▸ **Data to process**

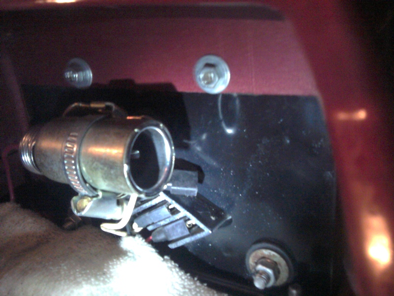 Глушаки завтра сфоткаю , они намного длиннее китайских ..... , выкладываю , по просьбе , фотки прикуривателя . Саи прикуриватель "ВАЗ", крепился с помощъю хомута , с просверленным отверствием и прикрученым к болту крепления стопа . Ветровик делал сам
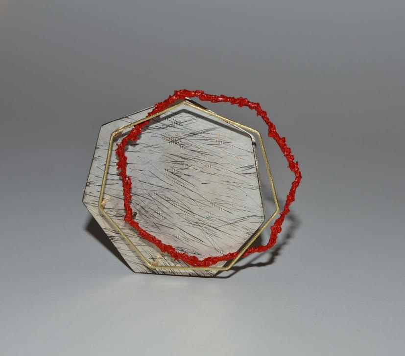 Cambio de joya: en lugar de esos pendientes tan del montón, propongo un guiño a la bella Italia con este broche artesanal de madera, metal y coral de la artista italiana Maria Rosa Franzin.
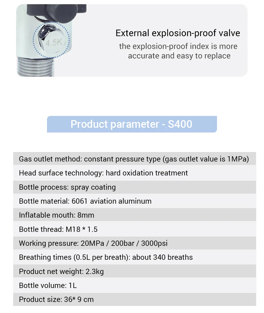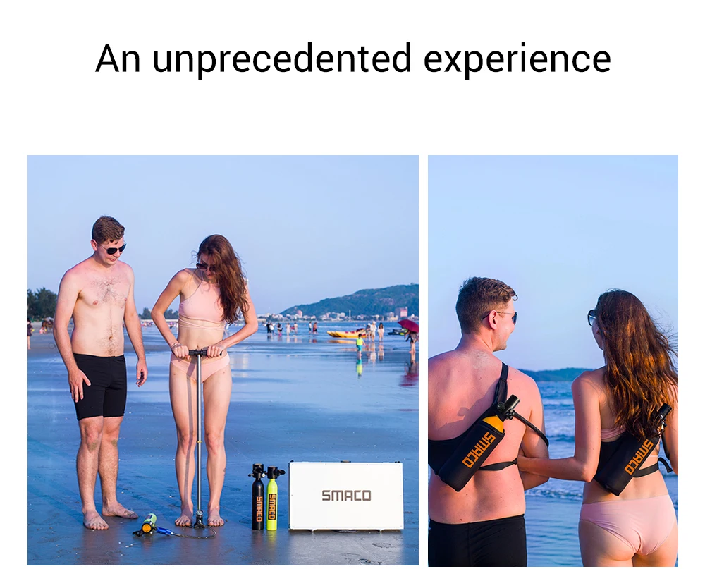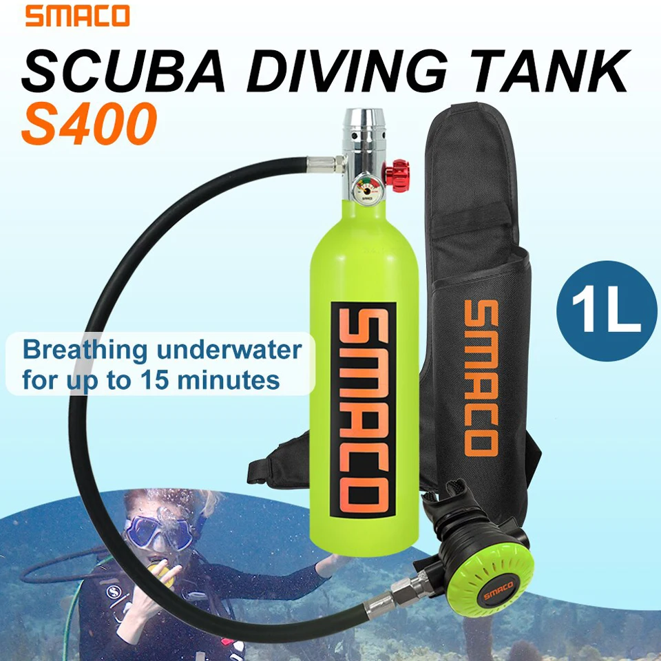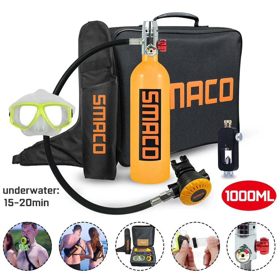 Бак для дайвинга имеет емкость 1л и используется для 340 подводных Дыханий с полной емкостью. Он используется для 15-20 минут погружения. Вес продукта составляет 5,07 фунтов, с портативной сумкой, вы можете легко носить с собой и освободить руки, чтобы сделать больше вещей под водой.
--
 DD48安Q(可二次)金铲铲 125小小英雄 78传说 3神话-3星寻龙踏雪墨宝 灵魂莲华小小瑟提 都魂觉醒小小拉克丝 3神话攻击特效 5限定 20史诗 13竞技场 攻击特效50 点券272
==
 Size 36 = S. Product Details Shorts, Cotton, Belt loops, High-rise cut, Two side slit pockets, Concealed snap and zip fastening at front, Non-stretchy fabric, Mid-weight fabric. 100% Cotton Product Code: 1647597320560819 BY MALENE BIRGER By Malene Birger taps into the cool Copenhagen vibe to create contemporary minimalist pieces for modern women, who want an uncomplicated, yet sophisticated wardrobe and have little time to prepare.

▸ **Problem description**
Extract, without any images, the part of the material above that opens with the line containing "Cambio de joya: en" and closes with the line containing "Бак для дайвинга", both lines included.

▸ **Solution**
 Cambio de joya: en lugar de esos pendientes tan del montón, propongo un guiño a la bella Italia con este broche artesanal de madera, metal y coral de la artista italiana Maria Rosa Franzin.
 Бак для дайвинга имеет емкость 1л и используется для 340 подводных Дыханий с полной емкостью. Он используется для 15-20 минут погружения. Вес продукта составляет 5,07 фунтов, с портативной сумкой, вы можете легко носить с собой и освободить руки, чтобы сделать больше вещей под водой.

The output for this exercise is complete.